As I am generally curious about how language determines our understanding of the process of software development, I would like to explore a bit deeper what makes this mental model less productive than others.
I think my unease with this phrasing is really going back to what it implies about the role of the product manager and the nature of the interaction. When someone, engineer or PM, understands their task as “gathering requirements”, what I hear is an attempt to dispose of the responsibility to deeply analyze and understand the problem to be solved and to formulate a coherent strategy.
Gathering requirements expresses the idea that the information about what needs to be done is out there. It is contained in various people’s heads. All that needs to happen is to go out and harvest this information.
Following this line of thinking leads to design by committee and away from a coherent product vision, rooted in a deep understanding of the problem space.
While defining the concept of a “coherent product vision” is a challenging task, indeed, it is easy to illustrate its opposite: Collecting requirements from a group of “project stakeholders” all too often leads to a bucket list of desirable features without an apparent connection, often informed mainly by the most pressing issues that the stakeholders were facing at the time of the conversation.
This bucket list then pins down areas in solution space, skipping the essential step of anchoring their relevance in problem space. However, any coherent product strategy must be informed by a deep understanding of the problem space in question.
Better Questions to Ask
Of course, interviewing relevant parties is an important activity. This most importantly includes the future users of the system (sometimes overlooked). The problem with “gathering requirements” is not the wish to reach out but the mindset it implies. The risk is, that the product manager or the engineer in question will start the discussion with the wish to be told what they need to do.
I would argue that a better way to start the conversation is to ask “please explain your understanding of the problem”. Let them show you how they solve their problem today.
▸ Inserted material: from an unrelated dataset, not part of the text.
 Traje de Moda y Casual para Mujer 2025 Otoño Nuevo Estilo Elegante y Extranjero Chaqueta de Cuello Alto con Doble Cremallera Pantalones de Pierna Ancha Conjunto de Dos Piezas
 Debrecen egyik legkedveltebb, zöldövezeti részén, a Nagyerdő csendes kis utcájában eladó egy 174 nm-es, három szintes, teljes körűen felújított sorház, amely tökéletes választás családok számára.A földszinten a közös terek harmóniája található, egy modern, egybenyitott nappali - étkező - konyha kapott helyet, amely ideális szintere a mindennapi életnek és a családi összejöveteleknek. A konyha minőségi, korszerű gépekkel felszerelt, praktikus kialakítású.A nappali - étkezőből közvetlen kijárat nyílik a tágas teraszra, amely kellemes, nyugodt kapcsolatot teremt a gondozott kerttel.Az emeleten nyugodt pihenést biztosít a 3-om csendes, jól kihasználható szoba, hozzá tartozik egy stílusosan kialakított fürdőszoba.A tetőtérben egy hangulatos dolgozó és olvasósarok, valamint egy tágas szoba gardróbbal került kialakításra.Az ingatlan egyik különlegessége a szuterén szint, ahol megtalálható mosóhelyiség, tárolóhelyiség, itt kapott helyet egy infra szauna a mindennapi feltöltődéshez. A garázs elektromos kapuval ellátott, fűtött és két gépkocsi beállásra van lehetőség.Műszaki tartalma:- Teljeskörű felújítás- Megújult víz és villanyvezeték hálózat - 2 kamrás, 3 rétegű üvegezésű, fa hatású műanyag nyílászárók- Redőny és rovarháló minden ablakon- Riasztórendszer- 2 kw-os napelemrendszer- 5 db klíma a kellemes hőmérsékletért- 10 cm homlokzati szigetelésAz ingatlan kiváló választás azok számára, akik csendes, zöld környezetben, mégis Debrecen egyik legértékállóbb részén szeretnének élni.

If they make a concrete proposal, keep in mind that their wishes might be biased by today’s framing of the problem. Dig deeper and ask “why?”.
The goal is to understand the root of the problem. We do not want to walk out of the meeting with the requirement “need to show average monthly spending by category”. The following analysis would be more interesting: “The customer wants to be compliant with ISO-123 as it is an important sales argument. To remain compliant, the certifying body requests a monthly report. In this report, they request amongst others a proof that spending on category A, B, and C were lower than amount X.”
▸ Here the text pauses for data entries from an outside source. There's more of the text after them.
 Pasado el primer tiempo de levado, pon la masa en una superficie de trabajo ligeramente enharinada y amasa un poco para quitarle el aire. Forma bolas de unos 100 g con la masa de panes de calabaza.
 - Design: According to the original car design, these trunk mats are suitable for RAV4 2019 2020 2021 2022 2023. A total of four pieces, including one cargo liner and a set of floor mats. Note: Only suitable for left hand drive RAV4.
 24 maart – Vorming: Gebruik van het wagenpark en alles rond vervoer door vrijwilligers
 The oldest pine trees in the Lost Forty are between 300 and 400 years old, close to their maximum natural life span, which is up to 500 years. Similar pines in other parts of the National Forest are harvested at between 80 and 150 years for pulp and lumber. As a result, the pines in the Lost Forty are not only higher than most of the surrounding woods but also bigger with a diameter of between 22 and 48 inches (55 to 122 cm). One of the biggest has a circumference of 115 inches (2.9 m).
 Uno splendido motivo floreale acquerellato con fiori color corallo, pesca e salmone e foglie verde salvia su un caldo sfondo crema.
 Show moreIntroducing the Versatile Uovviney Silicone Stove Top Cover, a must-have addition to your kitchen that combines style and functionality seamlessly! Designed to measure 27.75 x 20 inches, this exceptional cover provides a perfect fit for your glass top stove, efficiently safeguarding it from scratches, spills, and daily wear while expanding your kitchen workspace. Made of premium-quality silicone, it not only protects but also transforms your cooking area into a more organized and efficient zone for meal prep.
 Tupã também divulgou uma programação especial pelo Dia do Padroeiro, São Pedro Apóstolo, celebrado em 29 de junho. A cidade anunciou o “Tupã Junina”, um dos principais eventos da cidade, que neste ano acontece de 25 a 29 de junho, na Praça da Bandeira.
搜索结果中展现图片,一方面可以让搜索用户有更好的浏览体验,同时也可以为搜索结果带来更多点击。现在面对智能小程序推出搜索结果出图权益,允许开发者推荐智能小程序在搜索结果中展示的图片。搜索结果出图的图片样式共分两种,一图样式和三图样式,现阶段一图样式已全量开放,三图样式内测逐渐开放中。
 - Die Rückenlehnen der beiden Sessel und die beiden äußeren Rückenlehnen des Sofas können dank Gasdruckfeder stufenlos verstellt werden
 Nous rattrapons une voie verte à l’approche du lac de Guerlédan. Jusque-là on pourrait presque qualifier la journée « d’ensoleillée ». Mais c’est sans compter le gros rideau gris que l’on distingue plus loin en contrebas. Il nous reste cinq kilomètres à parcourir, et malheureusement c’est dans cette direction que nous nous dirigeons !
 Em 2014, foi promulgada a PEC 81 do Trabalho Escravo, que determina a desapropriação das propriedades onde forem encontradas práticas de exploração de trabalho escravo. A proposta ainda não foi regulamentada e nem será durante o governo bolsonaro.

Productive Product Management – Engineering Dynamics
The relationship between Product Management and Engineering is often full of interesting dynamics as the perspective on the project and incentives are quite different. Nevertheless, I can say that I have experienced very constructive interactions between PMs and engineering teams. Strikingly, the more a PM saw their role as decoding the problem domain and serving as a guide to help the engineering team achieve the same level of understanding, the better the chances of such constructive interactions taking place.
I think the key is that this understanding of the problem space and the formulation of a coherent vision is the missing piece of the puzzle, the thing that the engineering team is usually unable to do on its own. This is a hard task and it requires specialized knowledge: If our customers are using our tool in drug research, it is essential to be sufficiently knowledgable in this field to develop the required deep understanding of the problem domain.
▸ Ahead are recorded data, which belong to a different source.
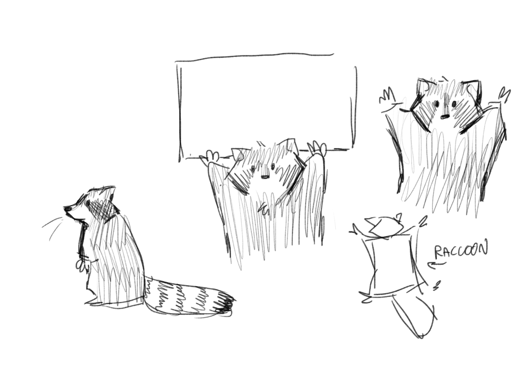 Pick-up items are another addition to the game – using the mouse, the player can click on pick-up items, which the racoon will then hold in their mouth. Upon letting go of the mouse, the racoon will drop the item. As such, they can only carry one food item at a time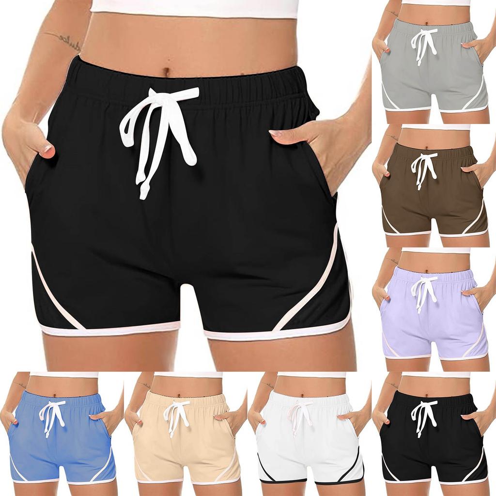 Laufshorts für Damen Sommer Casual Workout Fitnessstudio Yoga Sportlich Einfarbig Shorts mit Taschen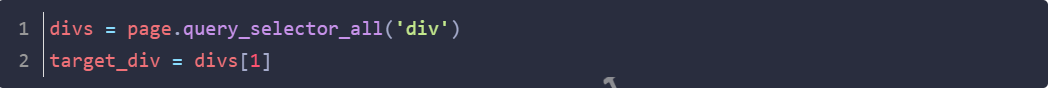 如果定位到多个元素,可以通过索引或者更精确的选择器来获取想要的元素。例如,如果query_selector_all返回了多个div元素,而你只想要第二个,可以使用索引:

Having such an individual able to represent the customer embedded in an engineering team is amazing: There are many small decisions that we need to take all the time when building software and having someone available that can quickly provide guidance based on their understanding of the customer’s reality can save costly round-trips.
“Gathering requirements”, on the other hand, is something everyone on the engineering team could do if it weren’t for the disproportionate amount of meeting time this requires. It relegates the role of the PM to the purely administrative job of ordering ToDo items on a backlog.
While administrative work is (unfortunately) part of our jobs, the risk of a PM that is mainly “gathering requirements” is that no one is taking up the important work that your engineering team relies on to avoid building the wrong thing.